=== Provided entries ===
- - - - -
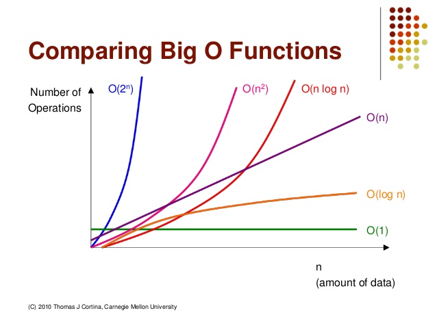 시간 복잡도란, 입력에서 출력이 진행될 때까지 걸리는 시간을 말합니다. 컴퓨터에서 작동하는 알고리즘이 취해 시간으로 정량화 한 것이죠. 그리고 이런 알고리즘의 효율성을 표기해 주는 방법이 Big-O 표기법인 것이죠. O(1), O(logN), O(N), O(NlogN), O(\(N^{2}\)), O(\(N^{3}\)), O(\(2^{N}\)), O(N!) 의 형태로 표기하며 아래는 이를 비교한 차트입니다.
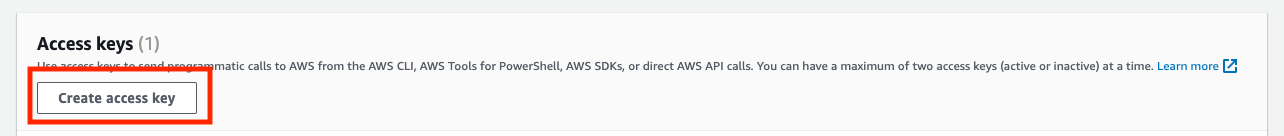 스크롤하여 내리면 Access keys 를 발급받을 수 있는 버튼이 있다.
- - - - -
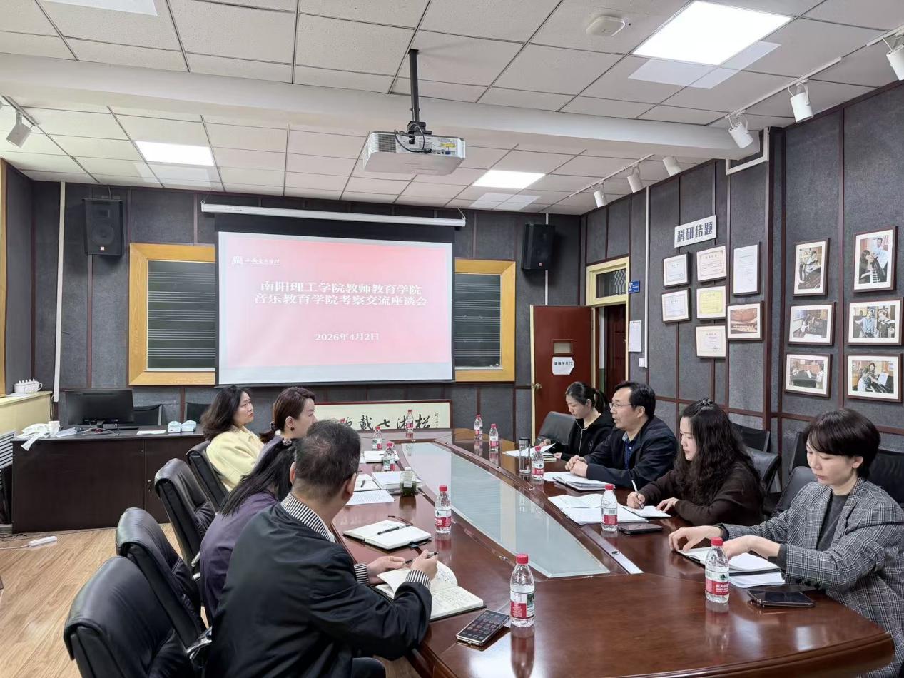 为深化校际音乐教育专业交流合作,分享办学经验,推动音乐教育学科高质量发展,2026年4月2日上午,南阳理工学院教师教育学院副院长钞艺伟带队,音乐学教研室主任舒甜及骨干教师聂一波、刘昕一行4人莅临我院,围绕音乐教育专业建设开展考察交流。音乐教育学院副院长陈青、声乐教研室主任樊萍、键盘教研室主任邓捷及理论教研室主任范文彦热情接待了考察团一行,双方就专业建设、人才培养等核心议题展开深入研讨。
- - - - -
=== Problem ===
Please copy out from the data above, without any picture, exactly the lines running from the one that holds "시간 복잡도란, 입력에서" through the one that holds "스크롤하여 내리면 Access keys 를 발급받을 수 있는 버튼이 있다.", and nothing beyond them.

=== Solution ===
 시간 복잡도란, 입력에서 출력이 진행될 때까지 걸리는 시간을 말합니다. 컴퓨터에서 작동하는 알고리즘이 취해 시간으로 정량화 한 것이죠. 그리고 이런 알고리즘의 효율성을 표기해 주는 방법이 Big-O 표기법인 것이죠. O(1), O(logN), O(N), O(NlogN), O(\(N^{2}\)), O(\(N^{3}\)), O(\(2^{N}\)), O(N!) 의 형태로 표기하며 아래는 이를 비교한 차트입니다.
 스크롤하여 내리면 Access keys 를 발급받을 수 있는 버튼이 있다.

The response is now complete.